1. The problem statement, all variables and given/known data

2. Relevant equations
CFD

3. The attempt at a solution
I'm a bit confused by this question.

So at first what I do for the problem on the left, I find the changes in the velocities in X and and Y on all four sides.

I notice that the values on the diagram to the left are higher on top than they are on the bottom, therefore I conclude that v must be "up".
I also notice that the values are higher on the right than they are on the left, therefore I conclude that u is to the right.

For the diagram on the right: I notice that bottom > top, therefore v is down.
Right > left, therefore u is to the right.

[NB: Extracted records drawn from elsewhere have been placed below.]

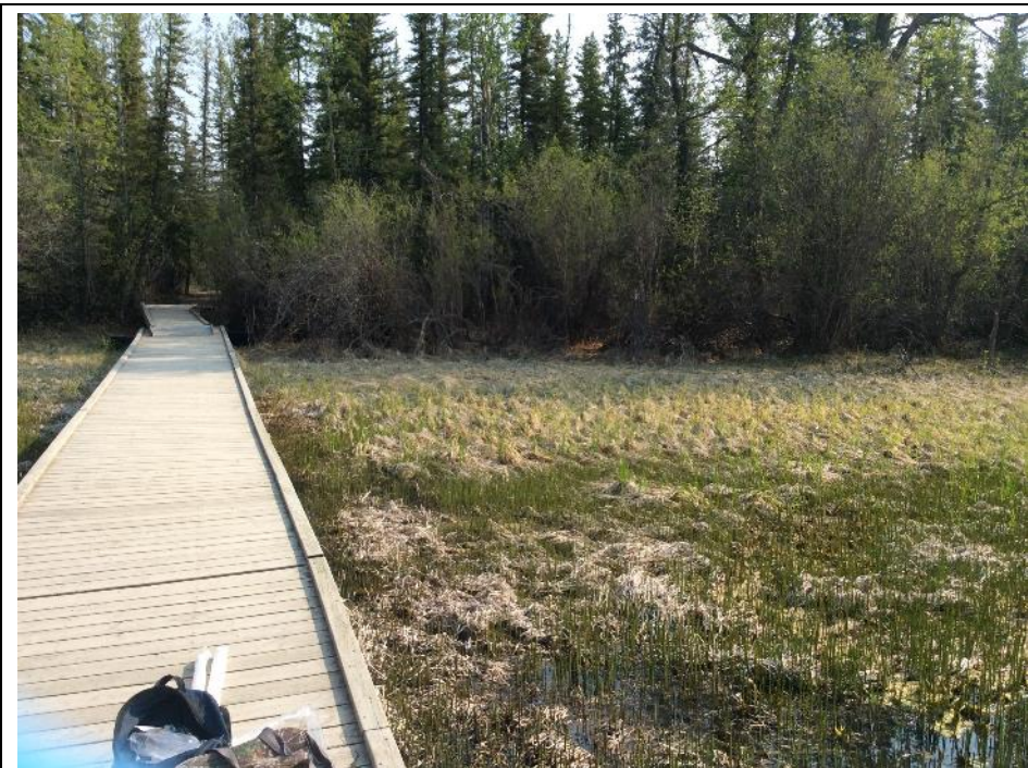
Photo 4 View north from WQ-01 sample site, located within the Reference Wetland. Photo taken during spring sampling on May 29, 2019.
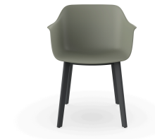
Silla Shape Gris Verdoso patas Click 05462
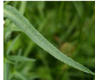
Sneezeweed: Flower and Leaves
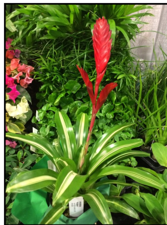
Vriesea 'Robin' Available as URC
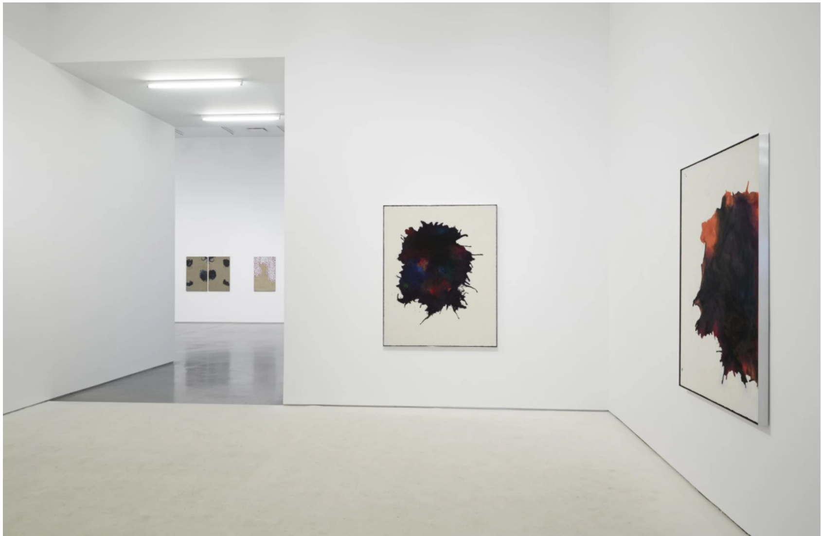
Installation View Marianne Boesky Gallery, 2014
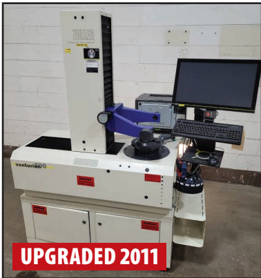
ZOLLER VENTURION 500 TOOL PRE-SETTING AND MEASURING MACHINE
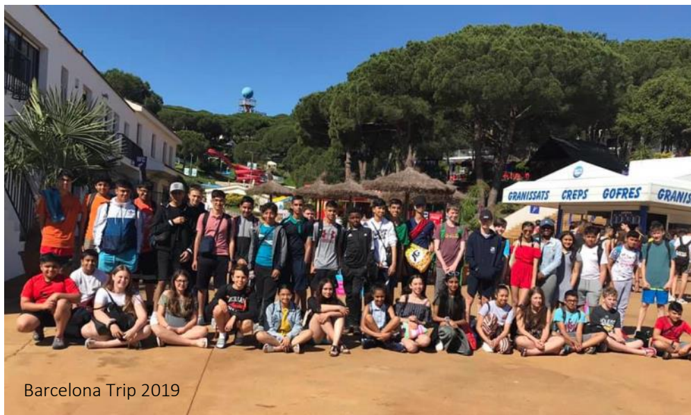
Barcelona Trip 2019

At Manor High we like to immerse our students in their subjects, which means we have many great opportunities to explore both near and far on our extra-curricular trips.
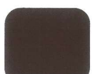
9942 Chocolate Chip
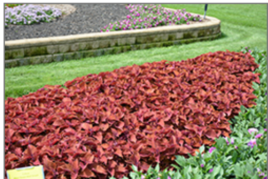
Wall Street Coleus
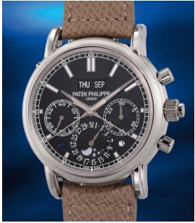
971 Patek Philippe A very fine and highly attractive ... Estimate HK$950,000 — 1,900,000

Hong Kong Auction / 23 May 2025 / 6:30pm HKT

Are these assumptions correct?

After that it's a fairly simple problem but this first step has me confused as to what I'm supposed to be doing.

2. Mar 10, 2015

### Staff: Mentor

I think what they want you to do is to find the y velocity components at the centers of the horizontal faces, and the x velocity components at the centers of the vertical faces, and then average to get the velocity components at the center of the cell.

Chet

3. Mar 10, 2015

### Feodalherren

I don't understand. The solution says "Ψtop>Ψbottom, therefore U is to the right" and "Ψright>Ψleft therefore V is down".
This is completely counter intuitive and seems to be taken out of the thin air. What are they basing this on?

4. Mar 10, 2015

### Staff: Mentor

$$v_x=\frac{\partial \psi}{\partial y}$$
$$v_y=-\frac{\partial \psi}{\partial x}$$

5. Mar 10, 2015

### Feodalherren

That makes a million times more sense. Thanks.